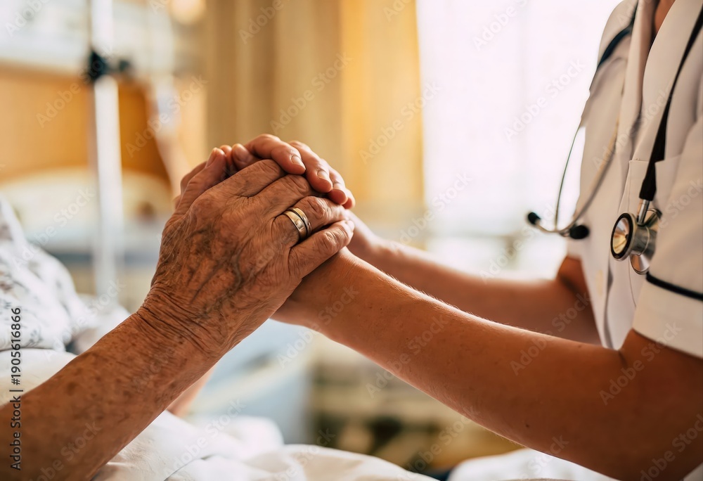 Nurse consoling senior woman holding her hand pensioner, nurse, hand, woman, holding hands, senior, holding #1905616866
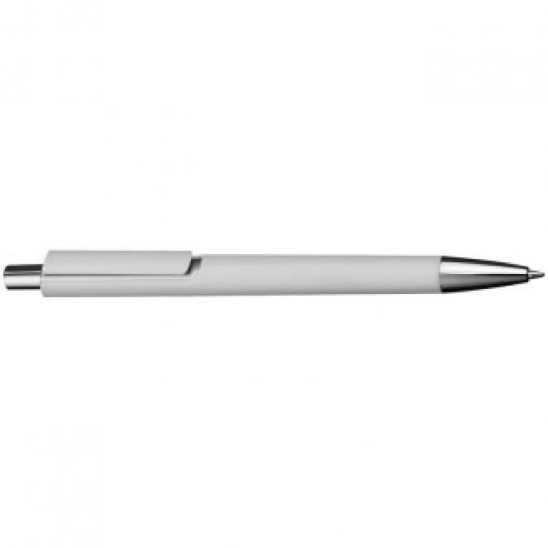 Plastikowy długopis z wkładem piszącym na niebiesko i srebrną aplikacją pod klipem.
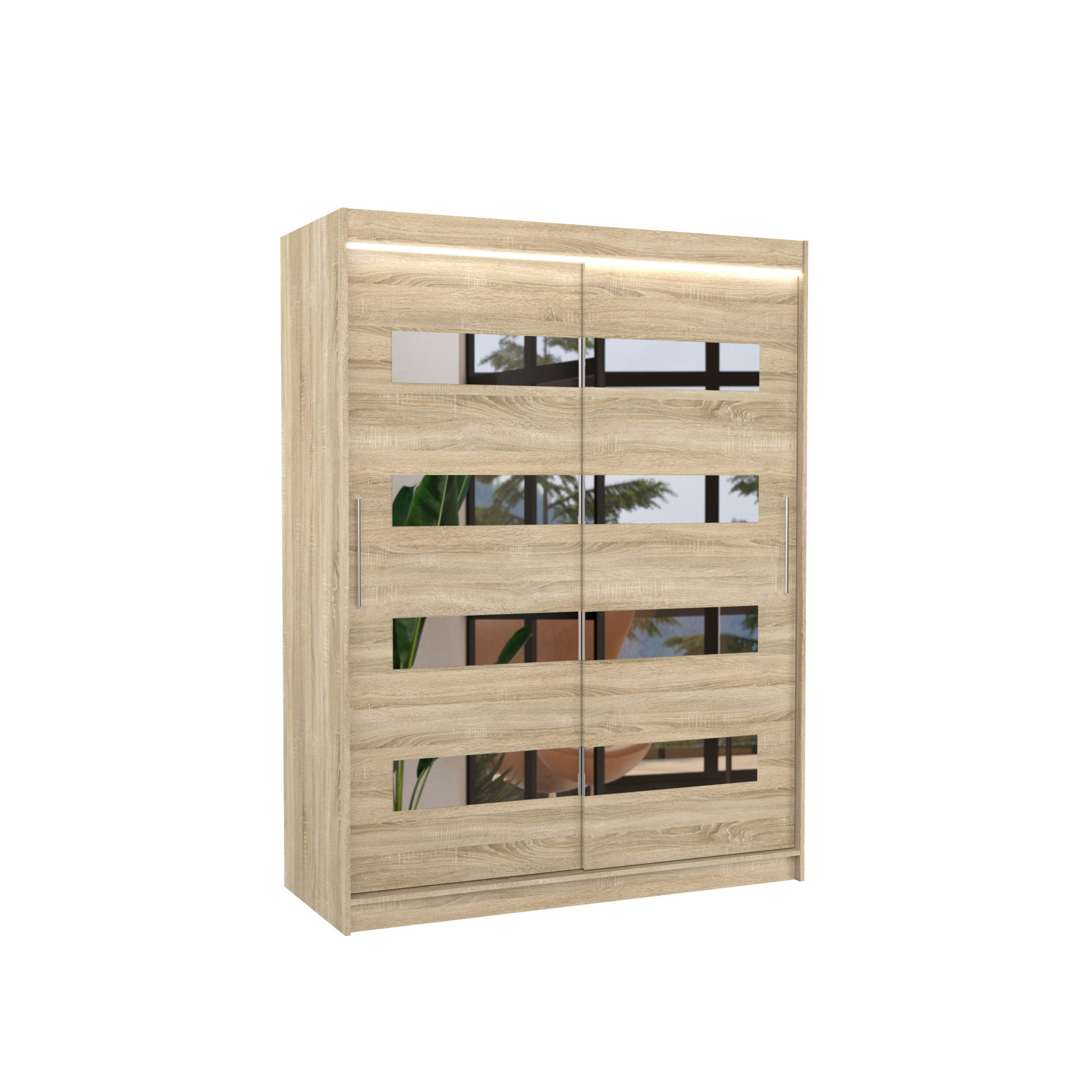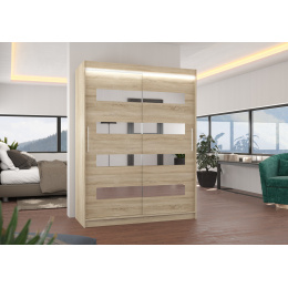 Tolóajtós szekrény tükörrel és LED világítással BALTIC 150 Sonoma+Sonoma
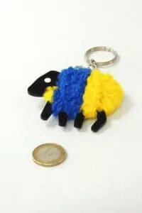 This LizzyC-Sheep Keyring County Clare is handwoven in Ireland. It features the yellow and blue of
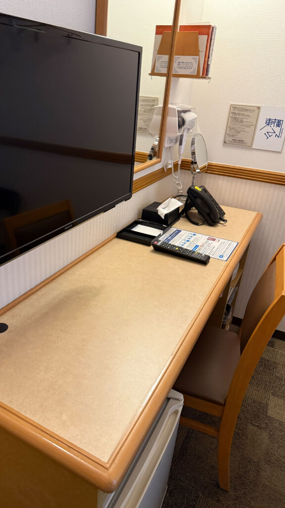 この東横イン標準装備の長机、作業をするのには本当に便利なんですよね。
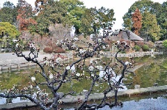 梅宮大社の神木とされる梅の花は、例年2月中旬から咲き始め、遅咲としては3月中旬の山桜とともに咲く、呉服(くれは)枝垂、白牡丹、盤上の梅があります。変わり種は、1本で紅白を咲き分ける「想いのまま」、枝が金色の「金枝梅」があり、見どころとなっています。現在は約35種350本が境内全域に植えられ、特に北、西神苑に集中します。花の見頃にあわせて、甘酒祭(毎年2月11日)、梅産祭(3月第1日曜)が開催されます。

» **TASK INSTRUCTIONS**: Take the preceding listing and transcribe it exactly, skipping the pictures.

» **RESULT FOR THIS EXERCISE**:
 Nurse consoling senior woman holding her hand pensioner, nurse, hand, woman, holding hands, senior, holding #1905616866
 Plastikowy długopis z wkładem piszącym na niebiesko i srebrną aplikacją pod klipem.
 Tolóajtós szekrény tükörrel és LED világítással BALTIC 150 Sonoma+Sonoma
 This LizzyC-Sheep Keyring County Clare is handwoven in Ireland. It features the yellow and blue of
 この東横イン標準装備の長机、作業をするのには本当に便利なんですよね。
 梅宮大社の神木とされる梅の花は、例年2月中旬から咲き始め、遅咲としては3月中旬の山桜とともに咲く、呉服(くれは)枝垂、白牡丹、盤上の梅があります。変わり種は、1本で紅白を咲き分ける「想いのまま」、枝が金色の「金枝梅」があり、見どころとなっています。現在は約35種350本が境内全域に植えられ、特に北、西神苑に集中します。花の見頃にあわせて、甘酒祭(毎年2月11日)、梅産祭(3月第1日曜)が開催されます。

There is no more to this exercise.